LISTED RECORDS:
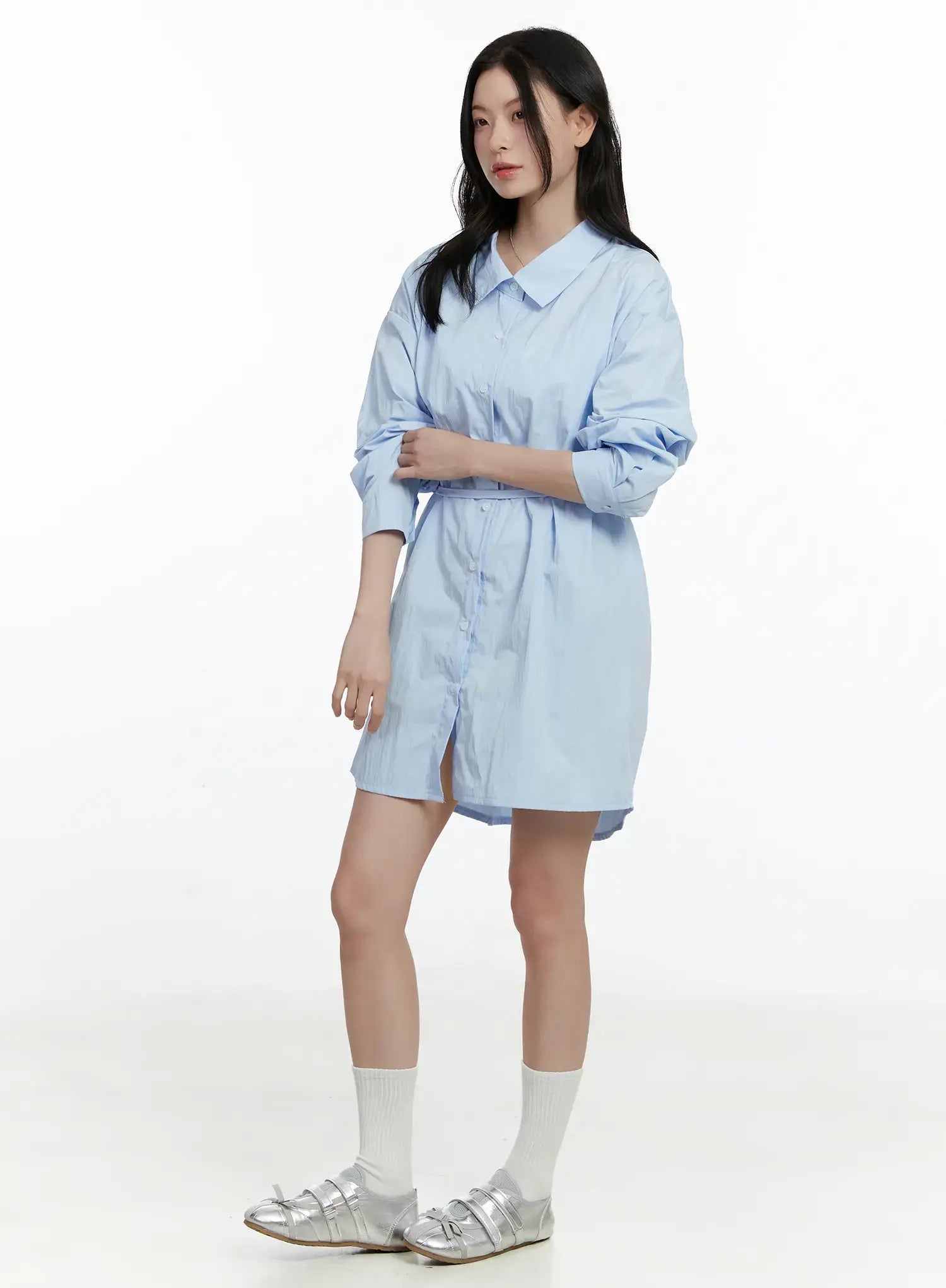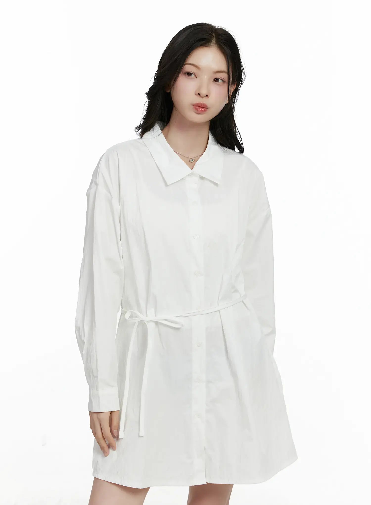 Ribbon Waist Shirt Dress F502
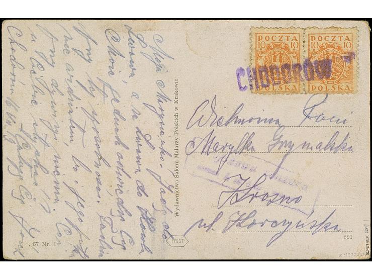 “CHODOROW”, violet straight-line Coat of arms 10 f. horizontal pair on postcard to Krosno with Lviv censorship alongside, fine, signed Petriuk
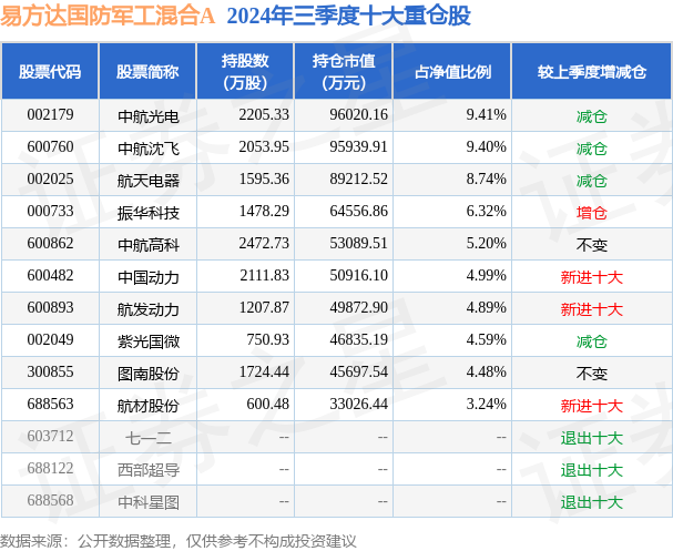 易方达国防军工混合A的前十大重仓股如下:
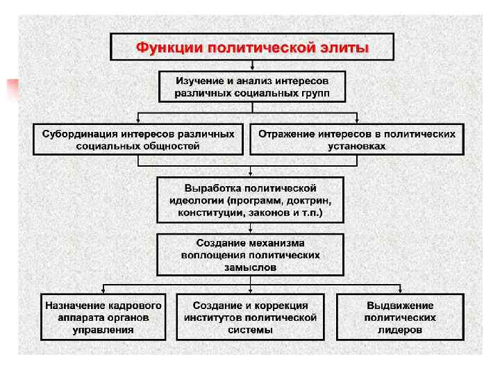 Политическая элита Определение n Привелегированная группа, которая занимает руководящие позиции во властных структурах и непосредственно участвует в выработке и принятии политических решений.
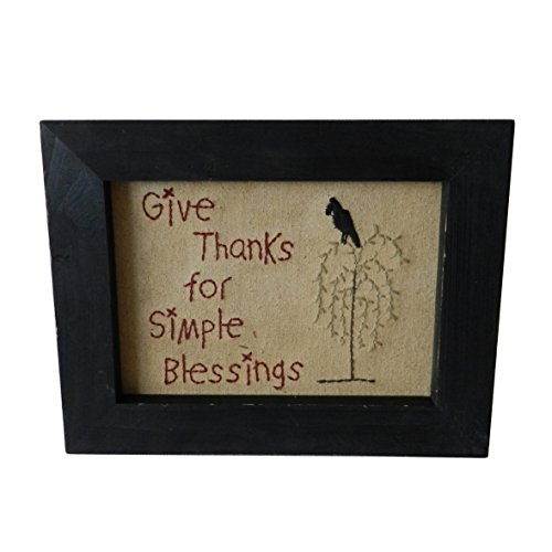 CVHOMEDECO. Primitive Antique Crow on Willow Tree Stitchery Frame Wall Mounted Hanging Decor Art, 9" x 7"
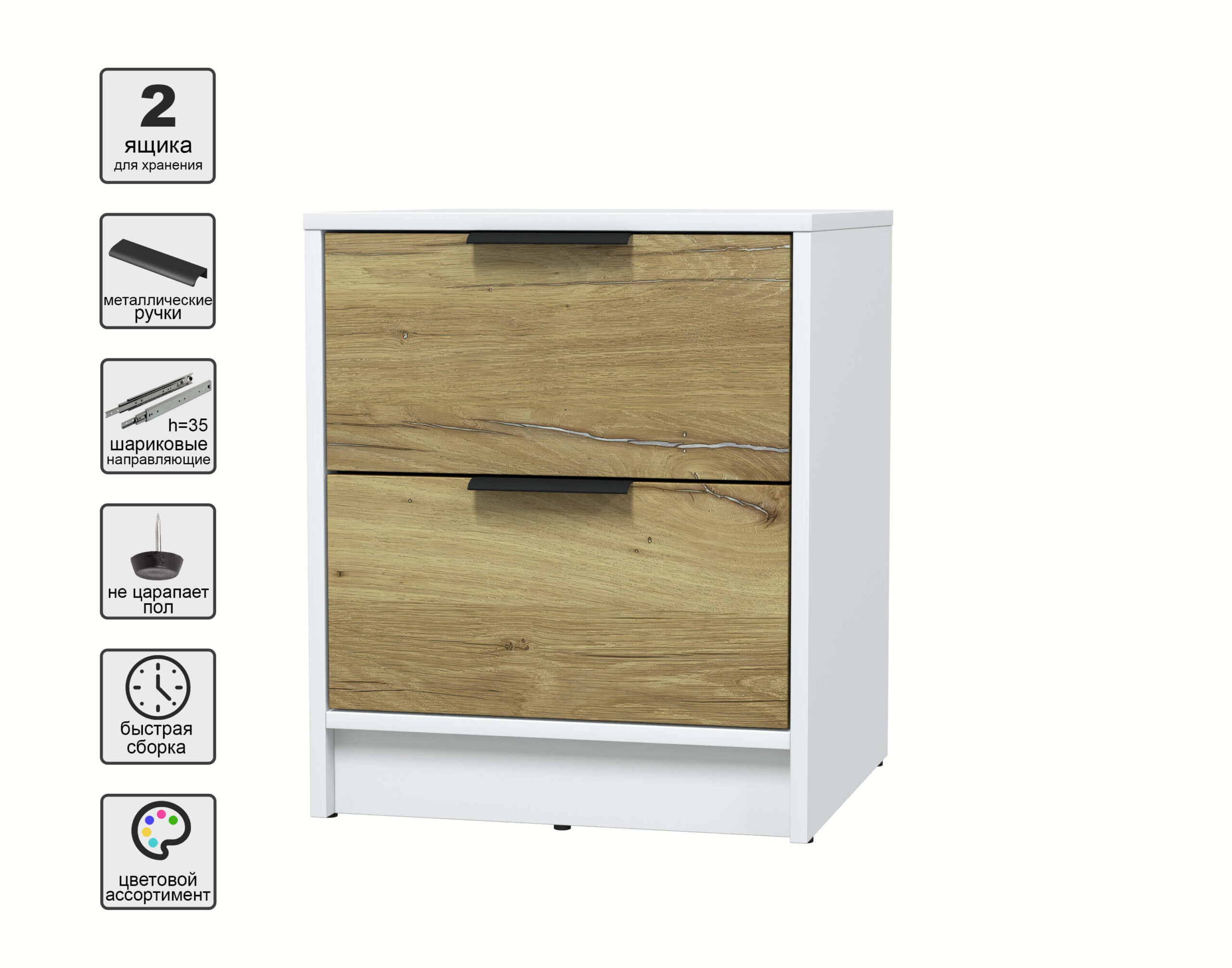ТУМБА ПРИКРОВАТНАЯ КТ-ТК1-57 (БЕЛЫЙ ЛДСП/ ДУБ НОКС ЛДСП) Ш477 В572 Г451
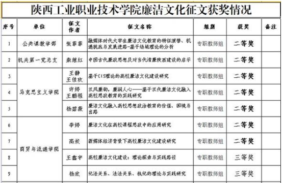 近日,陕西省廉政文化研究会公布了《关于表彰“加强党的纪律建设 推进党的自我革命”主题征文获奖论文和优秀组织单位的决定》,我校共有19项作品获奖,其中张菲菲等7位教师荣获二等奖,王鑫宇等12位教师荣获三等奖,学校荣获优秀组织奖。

---

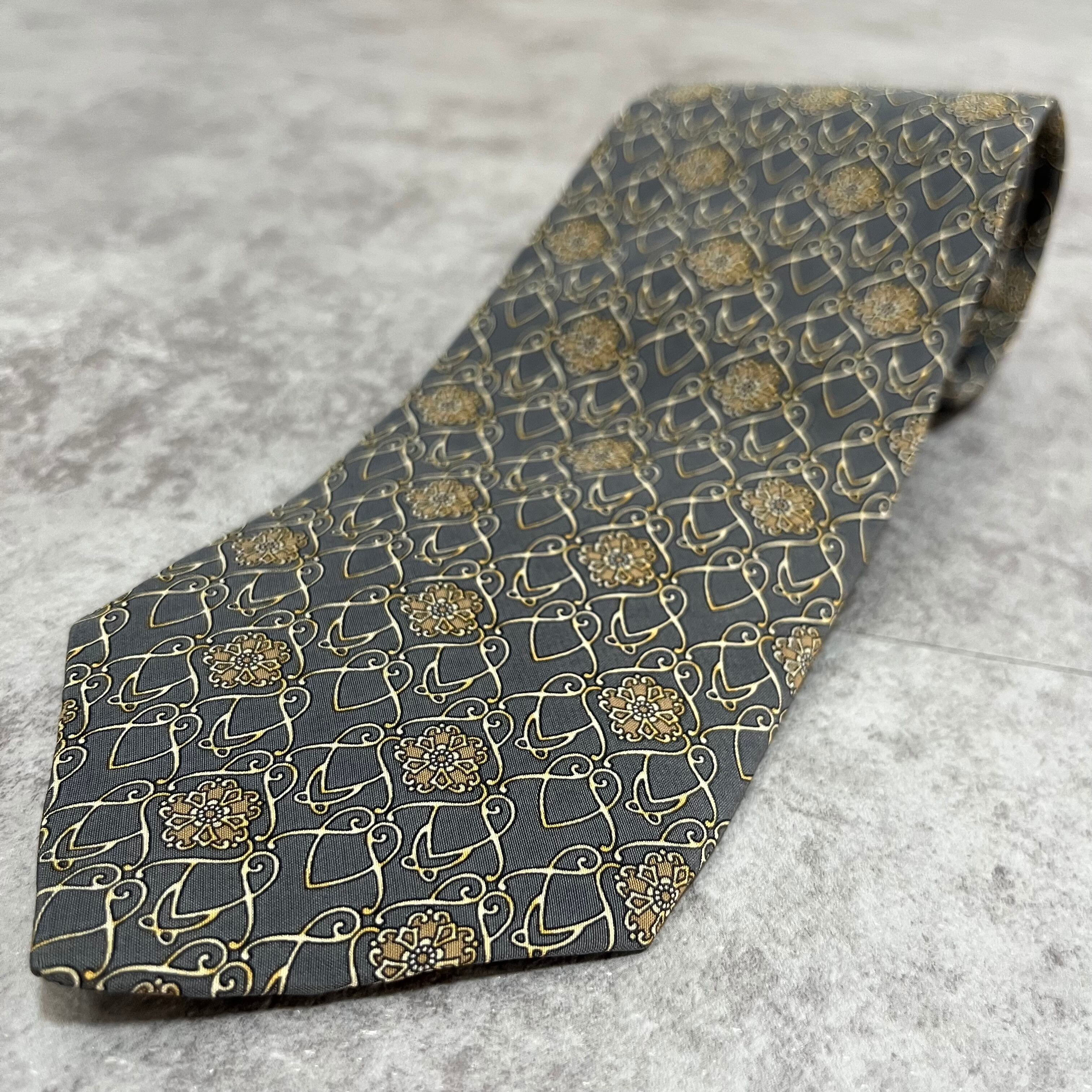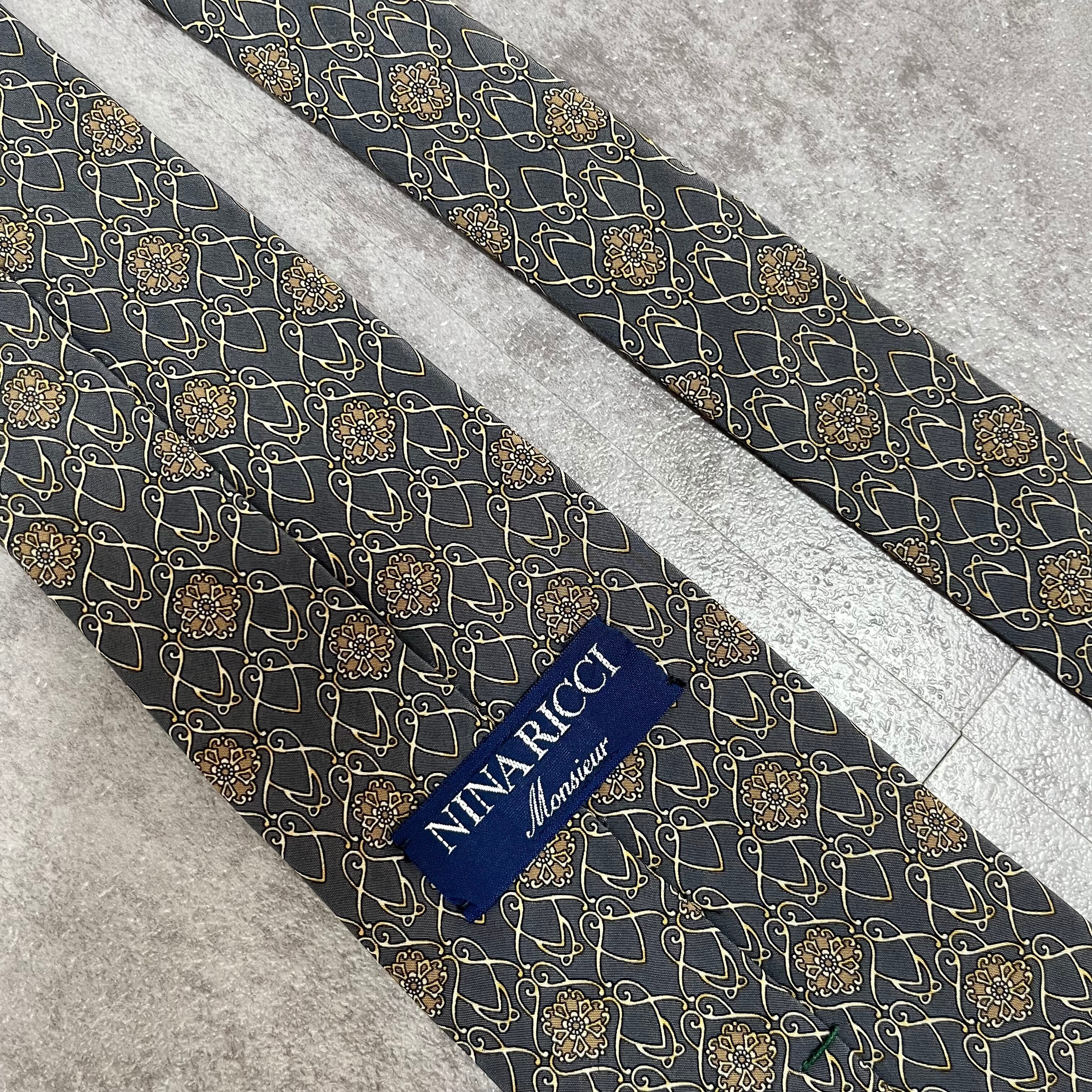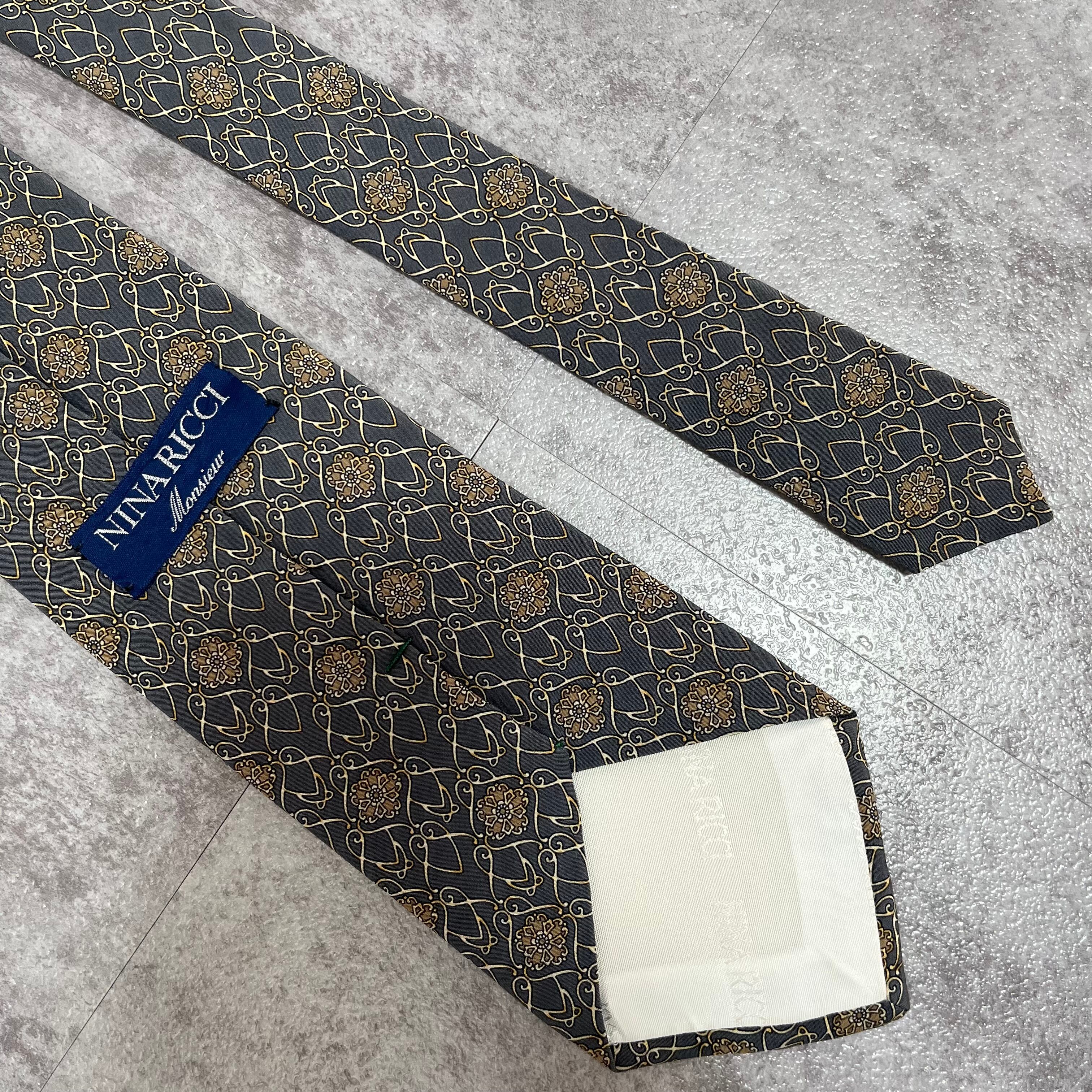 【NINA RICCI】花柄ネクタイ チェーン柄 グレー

DIRECTIONS FOR THIS TASK: Look above for the line with "ТУМБА ПРИКРОВАТНАЯ КТ-ТК1-57" and the line with "近日,陕西省廉政文化研究会公"; set down those two lines and all lines between them exactly, without pictures and without anything else.

ANSWER AREA:
ТУМБА ПРИКРОВАТНАЯ КТ-ТК1-57 (БЕЛЫЙ ЛДСП/ ДУБ НОКС ЛДСП) Ш477 В572 Г451
 近日,陕西省廉政文化研究会公布了《关于表彰“加强党的纪律建设 推进党的自我革命”主题征文获奖论文和优秀组织单位的决定》,我校共有19项作品获奖,其中张菲菲等7位教师荣获二等奖,王鑫宇等12位教师荣获三等奖,学校荣获优秀组织奖。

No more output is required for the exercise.